■ Task objective: When the line with "Mining Industry Atlas." appears below, start repeating lines exactly, and keep going through the line with "中国风男装夏季复古风冰丝T恤短袖男士套装上衣V领中式汉服七分袖"; add nothing outside that span.

Records contained in a dataset:
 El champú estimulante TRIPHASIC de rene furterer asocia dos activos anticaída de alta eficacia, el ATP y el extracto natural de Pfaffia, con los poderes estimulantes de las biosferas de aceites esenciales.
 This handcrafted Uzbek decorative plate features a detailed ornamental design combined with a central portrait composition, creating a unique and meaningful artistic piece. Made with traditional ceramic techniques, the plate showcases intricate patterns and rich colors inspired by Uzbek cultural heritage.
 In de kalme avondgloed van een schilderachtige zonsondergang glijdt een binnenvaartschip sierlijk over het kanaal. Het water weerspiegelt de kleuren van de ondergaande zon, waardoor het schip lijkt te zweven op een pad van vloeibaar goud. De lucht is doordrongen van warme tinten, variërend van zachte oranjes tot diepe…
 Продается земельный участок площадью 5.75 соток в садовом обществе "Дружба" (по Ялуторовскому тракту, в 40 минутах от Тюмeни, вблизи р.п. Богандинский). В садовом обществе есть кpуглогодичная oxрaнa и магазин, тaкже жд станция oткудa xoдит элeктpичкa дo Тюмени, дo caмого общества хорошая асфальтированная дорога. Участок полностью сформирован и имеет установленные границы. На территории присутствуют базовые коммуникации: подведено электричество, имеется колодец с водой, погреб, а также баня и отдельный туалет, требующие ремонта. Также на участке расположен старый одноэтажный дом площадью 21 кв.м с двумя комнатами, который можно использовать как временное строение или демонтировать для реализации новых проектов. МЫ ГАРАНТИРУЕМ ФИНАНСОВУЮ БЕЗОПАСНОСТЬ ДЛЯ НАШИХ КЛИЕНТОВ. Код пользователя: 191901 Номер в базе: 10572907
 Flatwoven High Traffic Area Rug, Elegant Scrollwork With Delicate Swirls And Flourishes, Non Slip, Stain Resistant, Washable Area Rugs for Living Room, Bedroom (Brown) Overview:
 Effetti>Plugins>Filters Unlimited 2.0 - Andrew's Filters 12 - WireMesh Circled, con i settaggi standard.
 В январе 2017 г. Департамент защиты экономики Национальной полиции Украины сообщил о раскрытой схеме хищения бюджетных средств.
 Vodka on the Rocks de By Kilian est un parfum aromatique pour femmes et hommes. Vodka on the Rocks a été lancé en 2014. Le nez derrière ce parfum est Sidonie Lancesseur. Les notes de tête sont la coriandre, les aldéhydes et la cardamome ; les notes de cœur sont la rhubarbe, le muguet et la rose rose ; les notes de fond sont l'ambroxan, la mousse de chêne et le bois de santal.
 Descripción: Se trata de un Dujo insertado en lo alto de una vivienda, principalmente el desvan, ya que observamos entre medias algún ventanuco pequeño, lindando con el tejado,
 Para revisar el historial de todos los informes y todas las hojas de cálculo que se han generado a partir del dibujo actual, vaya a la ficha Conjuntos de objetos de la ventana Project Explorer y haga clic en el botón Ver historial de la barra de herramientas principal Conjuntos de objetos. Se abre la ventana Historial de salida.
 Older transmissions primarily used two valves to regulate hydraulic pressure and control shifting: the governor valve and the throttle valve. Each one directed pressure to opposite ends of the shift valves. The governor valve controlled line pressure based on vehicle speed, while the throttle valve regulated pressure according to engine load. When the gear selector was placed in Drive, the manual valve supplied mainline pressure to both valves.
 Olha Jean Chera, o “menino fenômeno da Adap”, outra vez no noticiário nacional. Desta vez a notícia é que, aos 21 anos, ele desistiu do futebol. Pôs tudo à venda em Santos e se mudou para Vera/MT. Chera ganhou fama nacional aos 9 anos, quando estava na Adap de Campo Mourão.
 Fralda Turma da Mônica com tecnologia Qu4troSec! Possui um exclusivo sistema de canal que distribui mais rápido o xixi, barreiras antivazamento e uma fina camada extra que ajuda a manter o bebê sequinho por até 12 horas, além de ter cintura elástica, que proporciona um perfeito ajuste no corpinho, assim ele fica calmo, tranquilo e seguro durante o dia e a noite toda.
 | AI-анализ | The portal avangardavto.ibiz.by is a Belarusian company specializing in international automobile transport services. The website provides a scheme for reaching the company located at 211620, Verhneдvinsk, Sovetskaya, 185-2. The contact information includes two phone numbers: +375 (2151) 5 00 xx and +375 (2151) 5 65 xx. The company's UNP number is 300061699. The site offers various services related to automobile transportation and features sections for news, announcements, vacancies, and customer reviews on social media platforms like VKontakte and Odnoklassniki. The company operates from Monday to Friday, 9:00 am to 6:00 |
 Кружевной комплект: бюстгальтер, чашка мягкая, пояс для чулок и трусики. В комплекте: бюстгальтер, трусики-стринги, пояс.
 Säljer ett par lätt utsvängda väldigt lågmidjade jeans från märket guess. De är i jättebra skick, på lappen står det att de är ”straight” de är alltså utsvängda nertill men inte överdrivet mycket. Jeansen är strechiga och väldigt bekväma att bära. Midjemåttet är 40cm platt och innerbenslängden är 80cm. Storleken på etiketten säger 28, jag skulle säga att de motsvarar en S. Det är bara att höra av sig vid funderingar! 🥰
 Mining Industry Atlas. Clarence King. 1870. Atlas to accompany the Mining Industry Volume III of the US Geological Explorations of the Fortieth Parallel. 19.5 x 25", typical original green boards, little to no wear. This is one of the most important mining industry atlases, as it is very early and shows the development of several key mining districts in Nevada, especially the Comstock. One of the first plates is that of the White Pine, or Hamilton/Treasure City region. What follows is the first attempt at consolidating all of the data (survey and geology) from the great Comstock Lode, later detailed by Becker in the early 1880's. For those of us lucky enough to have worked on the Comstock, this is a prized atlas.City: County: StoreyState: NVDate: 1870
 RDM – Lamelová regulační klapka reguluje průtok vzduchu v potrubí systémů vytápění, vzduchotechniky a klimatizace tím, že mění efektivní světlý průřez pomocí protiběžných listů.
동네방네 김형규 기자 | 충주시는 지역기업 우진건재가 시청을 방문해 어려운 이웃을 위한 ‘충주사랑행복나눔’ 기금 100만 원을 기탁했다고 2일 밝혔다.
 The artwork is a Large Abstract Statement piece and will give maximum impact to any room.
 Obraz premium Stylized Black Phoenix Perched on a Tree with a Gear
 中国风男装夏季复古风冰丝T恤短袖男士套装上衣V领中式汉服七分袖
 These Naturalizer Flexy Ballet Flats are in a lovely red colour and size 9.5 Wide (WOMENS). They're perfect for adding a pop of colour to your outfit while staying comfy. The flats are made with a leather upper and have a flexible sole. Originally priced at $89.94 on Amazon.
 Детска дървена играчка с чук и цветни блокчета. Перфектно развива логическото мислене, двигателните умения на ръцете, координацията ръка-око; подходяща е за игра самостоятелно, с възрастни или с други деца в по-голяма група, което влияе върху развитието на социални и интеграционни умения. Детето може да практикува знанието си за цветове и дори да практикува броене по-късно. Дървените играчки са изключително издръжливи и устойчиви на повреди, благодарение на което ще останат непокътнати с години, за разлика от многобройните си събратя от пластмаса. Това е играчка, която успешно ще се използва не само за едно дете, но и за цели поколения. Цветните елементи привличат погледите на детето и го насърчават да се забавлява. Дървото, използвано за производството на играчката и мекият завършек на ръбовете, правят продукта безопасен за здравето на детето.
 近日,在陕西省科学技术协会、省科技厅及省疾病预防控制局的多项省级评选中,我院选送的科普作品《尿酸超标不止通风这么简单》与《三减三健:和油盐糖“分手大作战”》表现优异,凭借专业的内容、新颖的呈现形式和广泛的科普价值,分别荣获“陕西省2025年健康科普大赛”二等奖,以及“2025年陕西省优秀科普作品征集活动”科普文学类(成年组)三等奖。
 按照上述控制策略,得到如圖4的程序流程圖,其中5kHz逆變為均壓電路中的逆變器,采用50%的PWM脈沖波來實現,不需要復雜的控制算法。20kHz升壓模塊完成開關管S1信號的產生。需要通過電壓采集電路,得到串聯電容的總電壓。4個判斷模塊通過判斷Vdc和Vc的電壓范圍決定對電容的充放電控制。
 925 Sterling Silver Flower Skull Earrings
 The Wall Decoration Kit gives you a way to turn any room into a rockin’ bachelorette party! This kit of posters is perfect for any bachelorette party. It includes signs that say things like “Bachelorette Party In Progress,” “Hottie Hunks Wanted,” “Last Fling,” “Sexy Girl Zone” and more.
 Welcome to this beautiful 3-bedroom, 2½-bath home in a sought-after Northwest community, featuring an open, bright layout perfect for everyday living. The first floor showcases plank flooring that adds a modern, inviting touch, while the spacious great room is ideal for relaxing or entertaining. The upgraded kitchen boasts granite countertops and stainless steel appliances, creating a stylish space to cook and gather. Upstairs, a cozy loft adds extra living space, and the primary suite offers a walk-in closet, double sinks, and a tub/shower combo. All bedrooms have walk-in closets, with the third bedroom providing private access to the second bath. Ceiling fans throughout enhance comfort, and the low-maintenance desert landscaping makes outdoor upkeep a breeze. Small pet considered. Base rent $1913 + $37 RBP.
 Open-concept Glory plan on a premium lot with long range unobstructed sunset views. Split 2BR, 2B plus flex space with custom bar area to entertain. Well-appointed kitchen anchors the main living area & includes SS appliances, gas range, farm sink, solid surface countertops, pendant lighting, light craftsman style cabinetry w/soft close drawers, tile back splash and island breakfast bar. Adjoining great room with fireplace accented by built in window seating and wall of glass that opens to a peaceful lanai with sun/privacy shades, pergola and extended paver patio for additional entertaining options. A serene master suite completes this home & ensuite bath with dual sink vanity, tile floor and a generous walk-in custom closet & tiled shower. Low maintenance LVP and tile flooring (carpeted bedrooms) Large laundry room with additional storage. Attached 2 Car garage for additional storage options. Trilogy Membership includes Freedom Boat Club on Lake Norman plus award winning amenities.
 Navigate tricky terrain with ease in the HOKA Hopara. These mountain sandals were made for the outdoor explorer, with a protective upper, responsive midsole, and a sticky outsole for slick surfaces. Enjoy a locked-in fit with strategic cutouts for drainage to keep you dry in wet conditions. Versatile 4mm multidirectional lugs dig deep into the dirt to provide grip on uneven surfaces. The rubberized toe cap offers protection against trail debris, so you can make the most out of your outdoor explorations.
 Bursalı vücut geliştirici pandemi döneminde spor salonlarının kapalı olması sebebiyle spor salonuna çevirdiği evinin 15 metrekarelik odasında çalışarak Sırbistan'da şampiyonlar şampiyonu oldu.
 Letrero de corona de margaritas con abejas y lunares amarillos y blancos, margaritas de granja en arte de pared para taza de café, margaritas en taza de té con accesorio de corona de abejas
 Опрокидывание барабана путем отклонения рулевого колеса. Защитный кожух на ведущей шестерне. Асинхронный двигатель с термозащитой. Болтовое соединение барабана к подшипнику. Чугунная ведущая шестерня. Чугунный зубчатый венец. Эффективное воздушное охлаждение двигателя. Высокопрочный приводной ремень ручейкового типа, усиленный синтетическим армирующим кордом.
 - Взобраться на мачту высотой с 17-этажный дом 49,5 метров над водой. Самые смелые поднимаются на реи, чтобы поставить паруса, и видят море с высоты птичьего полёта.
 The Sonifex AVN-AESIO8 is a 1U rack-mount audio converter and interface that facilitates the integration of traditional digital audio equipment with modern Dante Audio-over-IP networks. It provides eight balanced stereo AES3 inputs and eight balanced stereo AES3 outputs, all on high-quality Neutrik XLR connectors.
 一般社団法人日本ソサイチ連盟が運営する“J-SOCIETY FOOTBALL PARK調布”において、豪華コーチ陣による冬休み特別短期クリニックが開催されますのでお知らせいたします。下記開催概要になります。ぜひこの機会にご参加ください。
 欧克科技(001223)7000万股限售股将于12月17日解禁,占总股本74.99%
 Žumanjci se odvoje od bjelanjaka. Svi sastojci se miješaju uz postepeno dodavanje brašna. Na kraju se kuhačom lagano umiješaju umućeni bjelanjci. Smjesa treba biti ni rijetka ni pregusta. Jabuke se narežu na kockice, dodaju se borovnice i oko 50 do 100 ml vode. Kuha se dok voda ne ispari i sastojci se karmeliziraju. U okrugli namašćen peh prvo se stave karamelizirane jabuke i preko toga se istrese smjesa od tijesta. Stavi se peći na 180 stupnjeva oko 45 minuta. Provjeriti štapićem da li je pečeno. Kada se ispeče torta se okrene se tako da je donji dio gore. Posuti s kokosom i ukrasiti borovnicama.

■ Reply to the exercise:
 Mining Industry Atlas. Clarence King. 1870. Atlas to accompany the Mining Industry Volume III of the US Geological Explorations of the Fortieth Parallel. 19.5 x 25", typical original green boards, little to no wear. This is one of the most important mining industry atlases, as it is very early and shows the development of several key mining districts in Nevada, especially the Comstock. One of the first plates is that of the White Pine, or Hamilton/Treasure City region. What follows is the first attempt at consolidating all of the data (survey and geology) from the great Comstock Lode, later detailed by Becker in the early 1880's. For those of us lucky enough to have worked on the Comstock, this is a prized atlas.City: County: StoreyState: NVDate: 1870
 RDM – Lamelová regulační klapka reguluje průtok vzduchu v potrubí systémů vytápění, vzduchotechniky a klimatizace tím, že mění efektivní světlý průřez pomocí protiběžných listů.
동네방네 김형규 기자 | 충주시는 지역기업 우진건재가 시청을 방문해 어려운 이웃을 위한 ‘충주사랑행복나눔’ 기금 100만 원을 기탁했다고 2일 밝혔다.
 The artwork is a Large Abstract Statement piece and will give maximum impact to any room.
 Obraz premium Stylized Black Phoenix Perched on a Tree with a Gear
 中国风男装夏季复古风冰丝T恤短袖男士套装上衣V领中式汉服七分袖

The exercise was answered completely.